Yuengling Beer Is Coming West… in an Armored Truck

Go West, Old Beer!


The title of America’s oldest brewery belongs to Yuengling beer of Pottsville, Pennsylvania. German immigrant David G. Yuengling began production of his home-country-inspired beer in 1829. And the Yuengling family, some six generations later, still run the family beer company, a beer that has been the subject of much lore through the years as it limited its distribution to a relatively small number of U.S. states. For instance, beer drinkers in Michigan have been clamoring for Yuengling beer for as long as anybody can remember — but no luck. The Yuengling brewery never bothered to retain a licensed distributor in Michigan because they sold out their production runs in their existing state markets.

Yuengling recently expanded operations to the South with the purchases of a defunct brewery in Tampa, Florida, allowing it to distribute its beer in the local Southern market. But the Western half of the United States remained off-limits for Yuengling-seekers until the family signed a deal with Molson-Coors to begin producing and shipping the legacy German-American beer to the left half of the United States.

Yuengling will begin production at Coors facilities in Fort Worth, Texas, meaning the secret family beer recipe had to be delivered from Pennsylvania to Texas. In a nice little marketing stunt, the four Yuengling sisters who control the beer company in this generation shipped off great-great-great-great-grandad’s original recipe in an armored truck to Fort Worth.

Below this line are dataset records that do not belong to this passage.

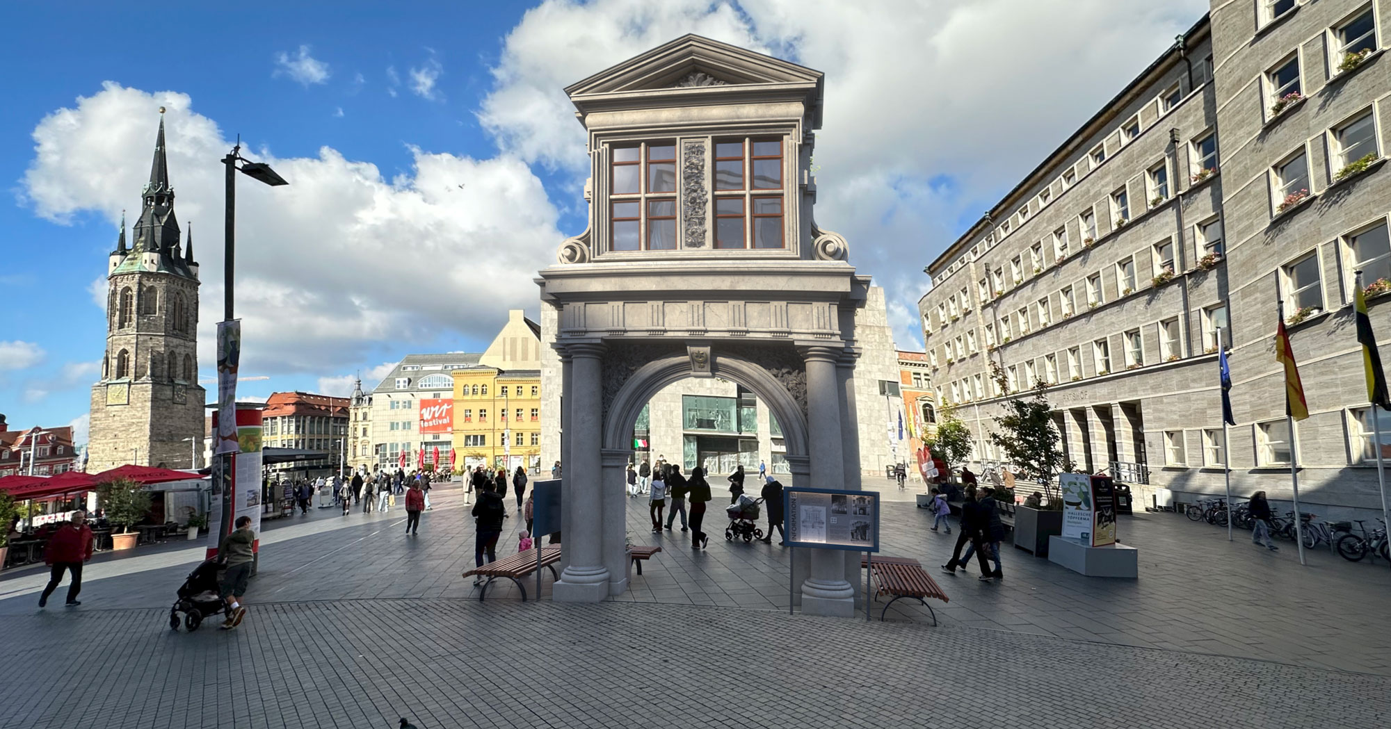 Zum Abschluss der Serie von Visualisierungen des 9,88 m hohen, 4,85 m breiten und mind. 1,32 m tiefen Barockflügel-Portals aus verschiedenen Perspektiven zeigen wir nochmals die Vorderseite von Süden (Kaufhaus New Yorker), heute jedoch am Tag. Beim Anklicken des Bildes ist dieses Mal der Rote Turm zu sehen .
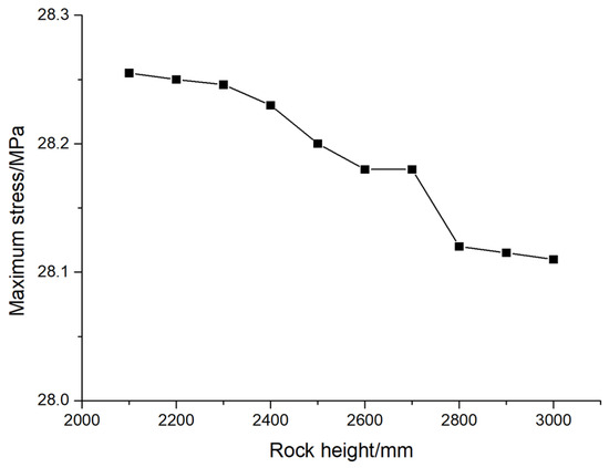 The variation curve of the maximum stress of pile foundation with the height of rock.
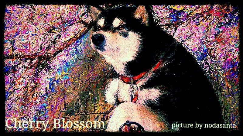 今年の春の絵で、フェンスに手を掛けて花見する黒の柴犬です。
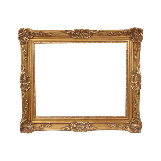 Bella cornice classica dorata, interamente in tipico stile barocco, elegantemente decorata con foglie d'acanto, viticci, fiori e motivi a nastro, in pino e gesso, circa metà del XX secolo.
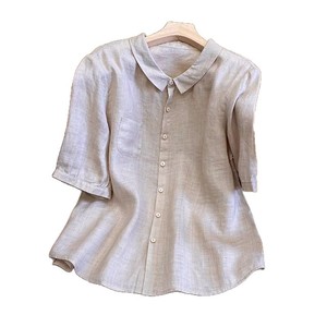 襟付き綿麻半袖シャツレディース2025夏の薄手のゆるい純色気質レトロカジュアル大サイズ上着
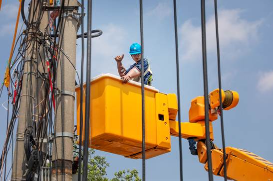 When the work team arrived at Hushan Road, heat waves were already rising from the ground. The local team, which had made advance plans, had opened a temporary passage before the morning rush hour and arranged special personnel to guide electric vehicle traffic. Live-line operation workers quickly got to work—setting up the outriggers of the insulated aerial work platform, carefully laying out safety tools, and checking insulation performance… They prepared methodically in accordance with standardized procedures. During the pre-work meeting, the work supervisor detailed the precautions. Afterwards, the fully-equipped workers boarded the aerial platform, which was slowly lifted to a height of 12 meters, level with the top of the utility pole.

This isn’t exactly the desperate candy business as detailed in Charlie and the Chocolate Factory where Slugworth will pull out all his sinister stops to steal the Everlasting Gobstopper recipe from the Wonka Factory. The recipe itself is probably sitting on half a dozen Google docs on unprotected laptops in various homes and offices. Nevertheless, this made for good theater.

“It was important to us to make sure it was our same quality recipes, our same yeast strain, and everything that goes into our original beers that we make here. We’re going to deliver the same high-quality products out west.”

Wendy Yuengling, chief administrative officer.

Jennifer Yuengling will be following the armored truck to Texas where she intends to carefully oversee the Yuengling brewing process to ensure it meets the standards of the family legacy. For those clamoring to try the Pennsylvania beer, it should be available in a slew of previously off-limits Western states as of this Fall. Is it actually any good? No clue. We’ll report back when we have first-hand information?

Have you tried Yuengling before? What’s your opinion.